Variant Calling, Annotation, and Filtering in Breast Tumor RNA Sequencing Datasets

SNIC 2018/6-34


SNIC Small Compute

Principal Investigator:

Christian Brueffer


Lunds universitet

Start Date:


End Date:


Primary Classification:

30203: Cancer and Oncology



Breast cancer is the most common kind of cancer in women.

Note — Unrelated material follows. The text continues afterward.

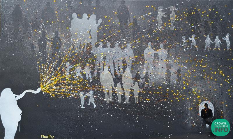 Each year, after Chatzos on the day of Rosh Hashana, Moully pours his heart and soul into a Shofar painting, attempting to visualize the new energy of the upcoming year.
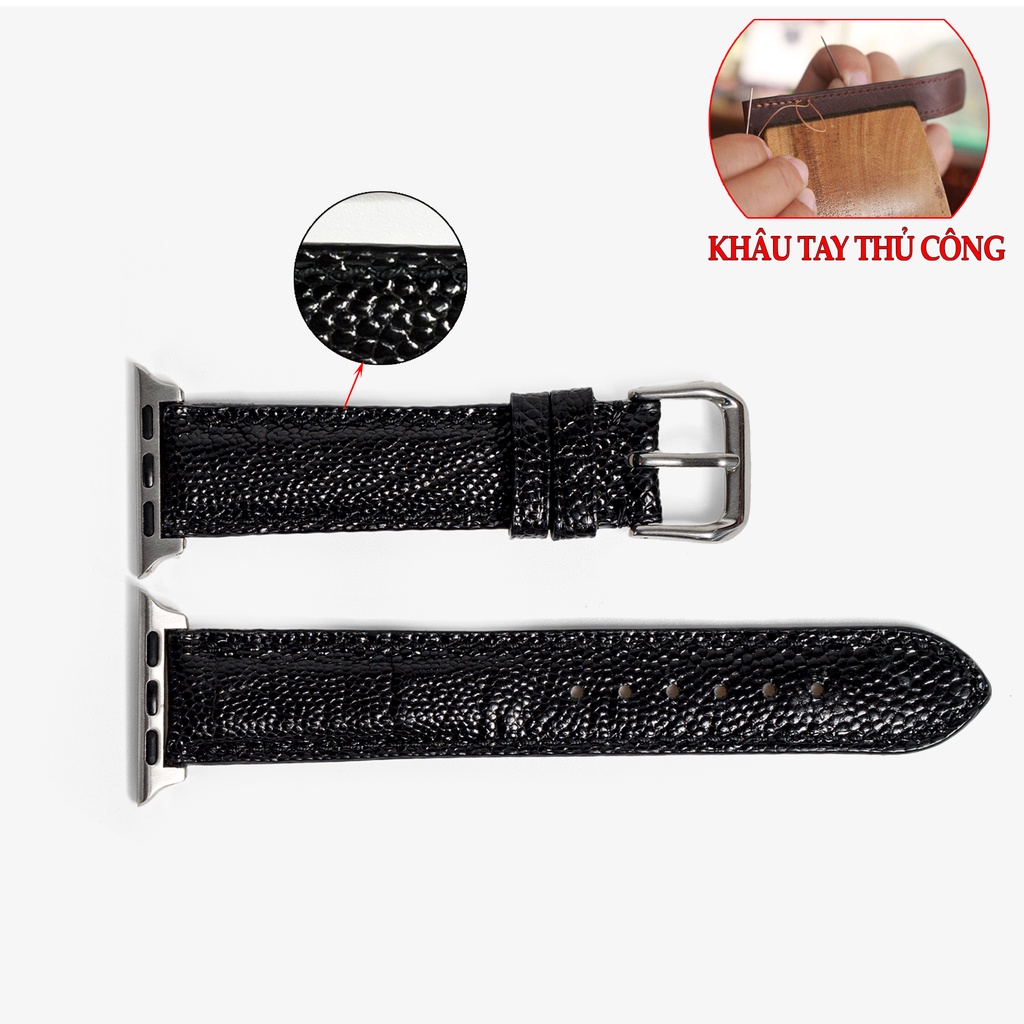 Dây da apple watch Bụi leather - D109, da đà điểu, khâu tay thủ công- series 3 series 4 series 5 series 6

Tumors are caused by germline and somatic mutations that lead to deregulated cell processes which allow unregulated growth. The Sweden Cancerome Analysis Network - Breast (SCAN-B) initiative was launched in 2010 to prospectively collect breast cancer biomaterial for molecular research and to develop, validate and implement new biomarkers for improved breast cancer care (Saal et al, Genome Medicine 2015). Sequencing of DNA, either in a deep high-throughput fashion or via Sanger sequencing, is the gold standard for mutation detection. In the SCAN-B project each patient tumor is currently analyzed by RNA sequencing. Calling of genomic variants in RNA-seq data is limited to expressed regions of the genome and is complicated by the complex nature of the transcriptome and splice variants. The overall aim of this project (PI: Lao Saal) is to determine the mutational portraits of breast cancer within the SCAN-B project and relate this information to tumor phenotypes and patient and clinical features such as survival. For this purpose we have generated variant calls from a large set of breast tumors. In this Small Project, we intend to annotate our variant calls using information from a variety of databases, and develop filters to eliminate false positive calls from our dataset.